ホーム » PyOD » PyOD 0.8 : 概要

PyOD 0.8 : 概要

投稿者: sales-info in PyOD, 外れ値検知投稿日: 06/23/2021

PyOD 0.8 : 概要 (翻訳/解説)
翻訳 : (株)クラスキャットセールスインフォメーション
作成日時 : 06/25/2021 (0.8.9)

* 本ページは、PyOD の以下のドキュメントを翻訳した上で適宜、補足説明したものです：

* サンプルコードの動作確認はしておりますが、必要な場合には適宜、追加改変しています。
* ご自由にリンクを張って頂いてかまいませんが、sales-info@classcat.com までご一報いただけると嬉しいです。

★ 無料 Web セミナー開催中 ★ クラスキャット主催人工知能 & ビジネス Web セミナー

人工知能とビジネスをテーマに WEB セミナーを定期的に開催しています。
スケジュールは弊社公式 Web サイトでご確認頂けます。

お住まいの地域に関係なく Web ブラウザからご参加頂けます。事前登録 が必要ですのでご注意ください。
ウェビナー運用には弊社製品「ClassCat® Webinar」を利用しています。

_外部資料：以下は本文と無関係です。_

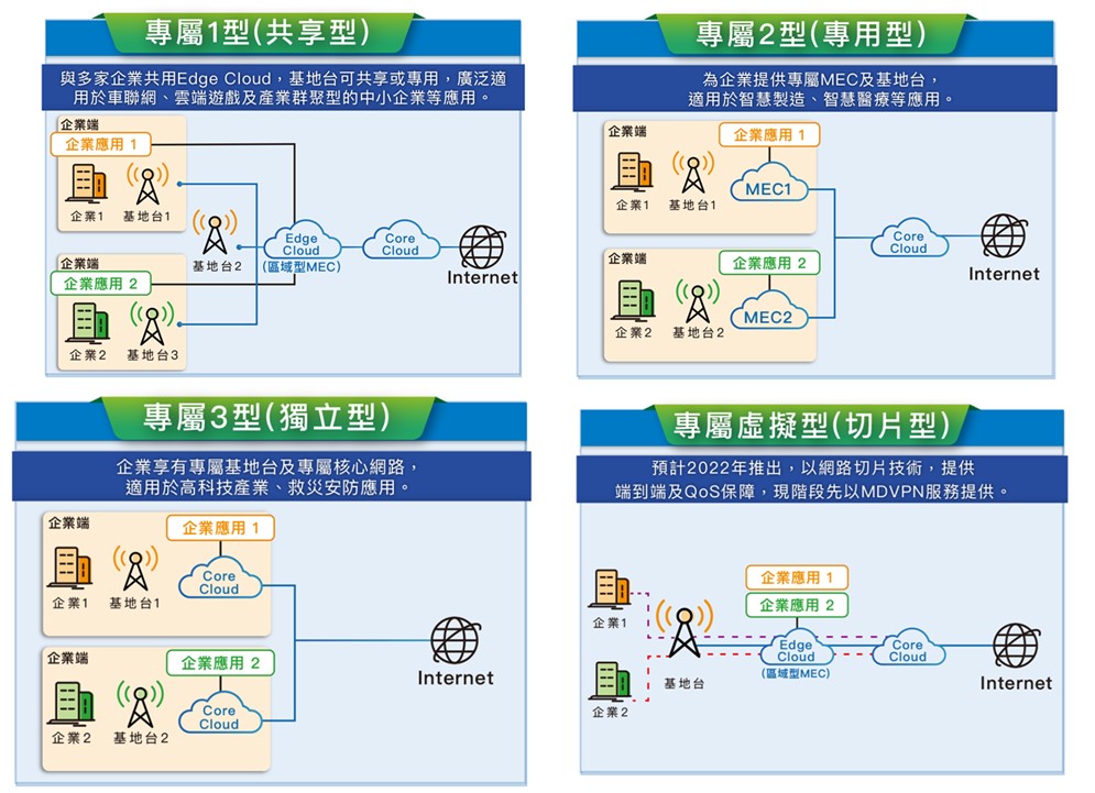 中華電信自5G開台以來持續搶攻5G專網,主要涵蓋4種部署架構方案。企業合作案截至2022年年底已超過百件,聚焦於企業建置智慧醫療、智慧製造、文化展演、智慧交通等各領域,其中又以智慧製造領域應用最為廣泛。中華電信目前已協助多家知名企業建構5G專網,包含台積電在美國亞利桑那州的新廠乃由中華電信協助建構自動化運輸及遠端監控等5G專網服務; 中華電信亦協助中鋼導入5G專網,提供長達900公尺鋼渣運輸軌道的即時監測及遠端操控等功能; 中華電信於北市聯醫中興院區建置5G專網整合應用行動超音波、五官鏡、行動醫療行李箱和遠距醫療平台等技術與醫療設備,以實現居家醫療遠距會診..等等。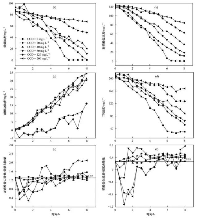 2.2 不同有机物浓度下的厌氧氨氧化脱氮过程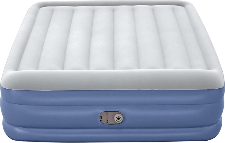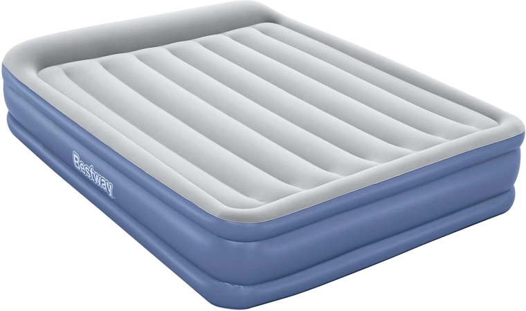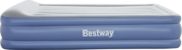 Tweedelige opblaasbare BESTWAY-luchtmatras met afmetingen 203 × 152 × 46 cm biedt comfortabele slaap voor 2 personen, snel opblazen met de ingebouwde elektrische pomp in ca. 4 minuten en een stabiele I‑beam-constructie van duurzaam Tritech-materiaal. Voorzien van een suède-achtig (flock) oppervlak voor extra comfort, een geïntegreerde kussenrand en in de verpakking ontbreken draagtas en reparatiepatch niet.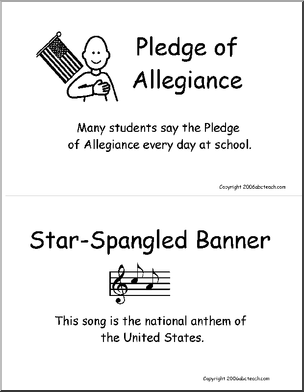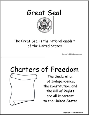 A simple 10 page booklet, each page featuring a picture of a different U.S. symbol with a short sentence (“The bald eagle is the national bird of the United States.”)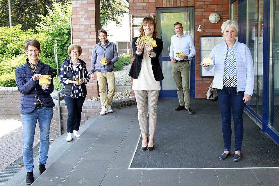 Melanie Mehre, Geschäftsstellenleiterin der Volksbank in Xanten überreichte diese an die Organisatorinnen im Ortsverein Xanten Elisabeth Dercks, Veronika Bauhuis und Birgit Düpont. Bei der Blutspende in Xanten am 15. Juni erhalten die ersten 150 Blutspender die Gutscheine als Extra-Dankeschön.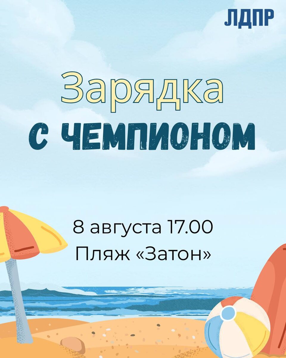 🏃♀️Присоединяйтесь к зарядке с чемпионкой на пляже в Затоне! В честь дня физкультурника тренер Саратовской школы олимпийского резерва по дзюдо «Сокол», мастер спорта международного класса, чемпионка России и Европы Екатерина Мельникова проведет зарядку для всех желающих. 📆Когда? 8 августа в 17.00 📍Где? Пляж «Затон» Участие абсолютно бесплатное, планируются призы за активность от ЛДПР. Приходи сам и бери с собой друга — проведите время с пользой для тела и духа! 💬 Мы ВКонтакте 🖥 Сайт ЛДПР | Саратов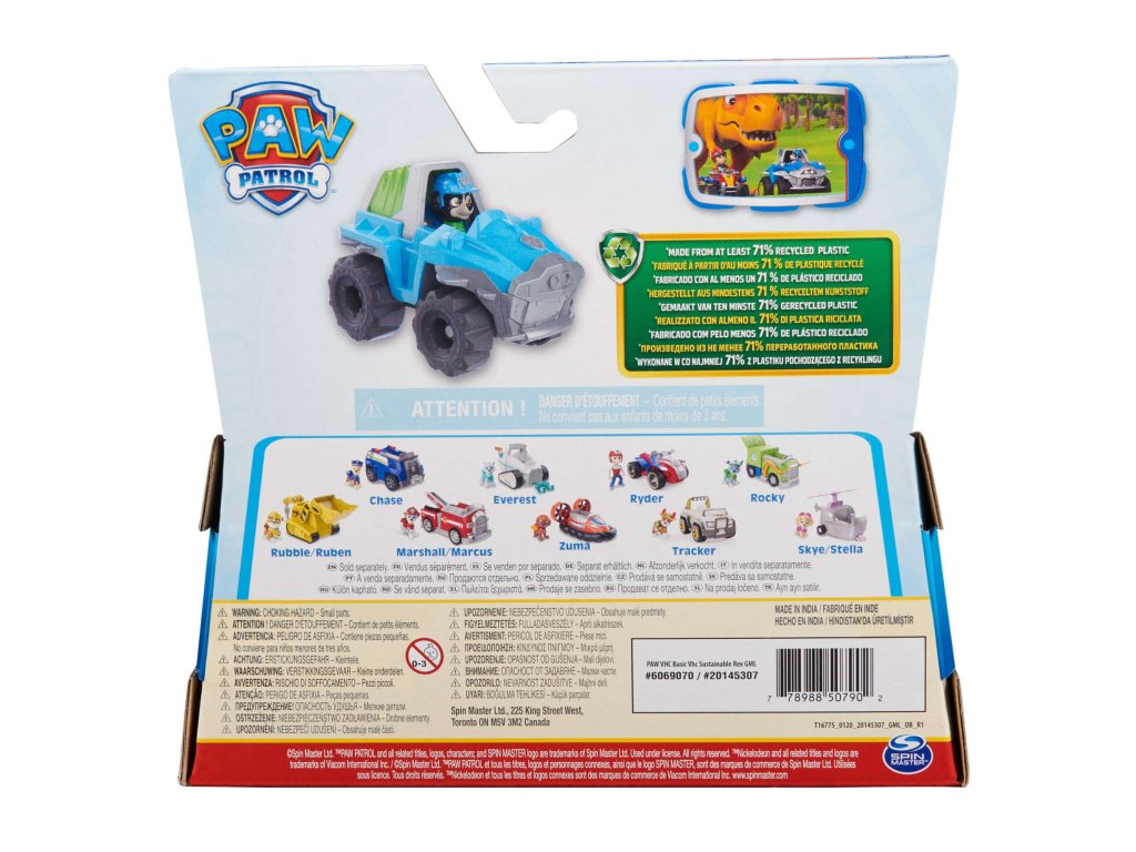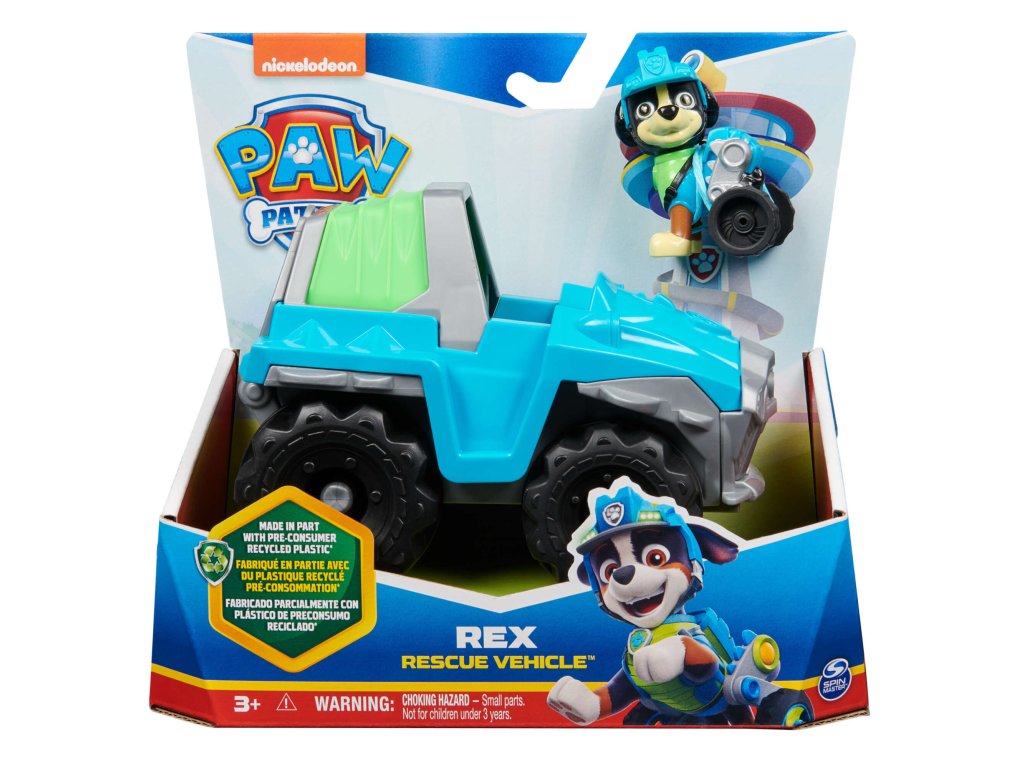 Sada Paw Patrol 2v1 Rex: vozidlo, auto, autíčko + figurka ekologického psa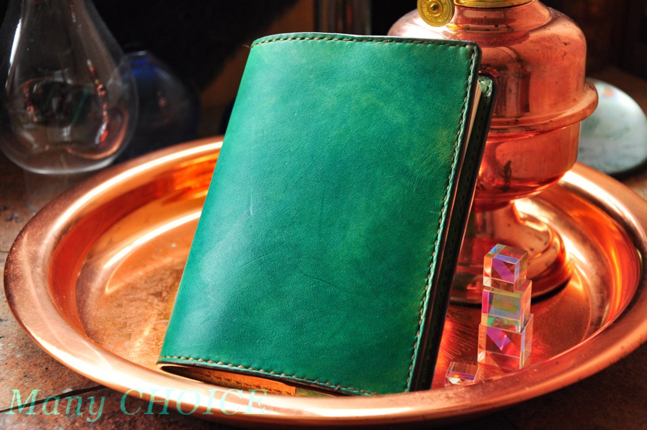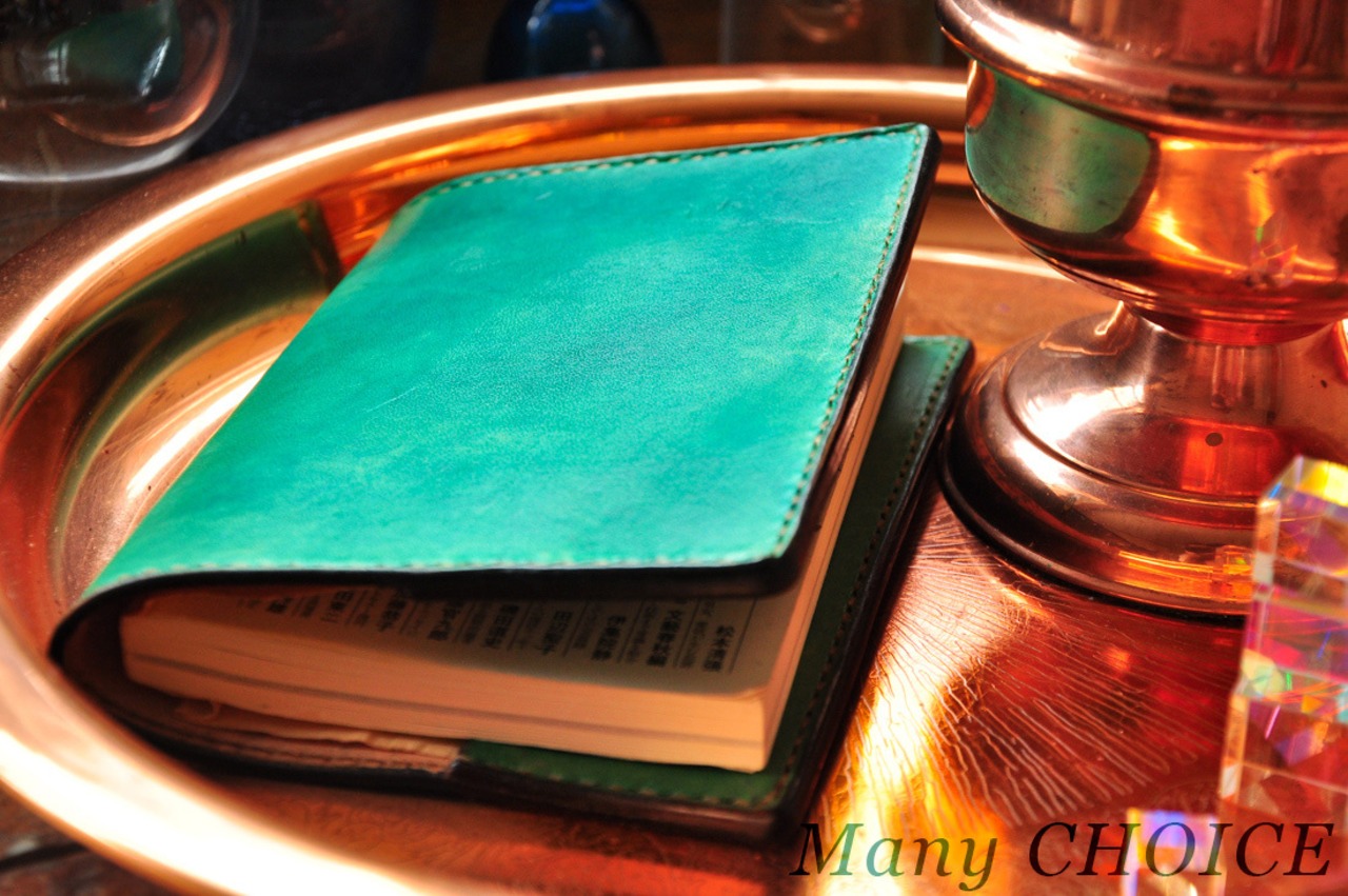 EUヌメ革・ ブックカバー・手染め(グリーン)

クラスキャットは人工知能・テレワークに関する各種サービスを提供しております :

人工知能研究開発支援	人工知能研修サービス	テレワーク & オンライン授業を支援
PoC(概念実証)を失敗させないための支援 (本支援はセミナーに参加しアンケートに回答した方を対象としています。)

◆ お問合せ : 本件に関するお問い合わせ先は下記までお願いいたします。

株式会社クラスキャット セールス・マーケティング本部セールス・インフォメーション

E-Mail：sales-info@classcat.com ; WebSite: https://www.classcat.com/ ; Facebook

PyOD 0.8 : 概要

PyOD (Python Outlier Detection) は多変量データで中心を離れた (= outlying) オブジェクトを検知するための包括的でスケーラブルな Python ツールキットです。このエキサイティングなしかし挑戦的な分野は一般に外れ値検知 or 異常検知として言及されます。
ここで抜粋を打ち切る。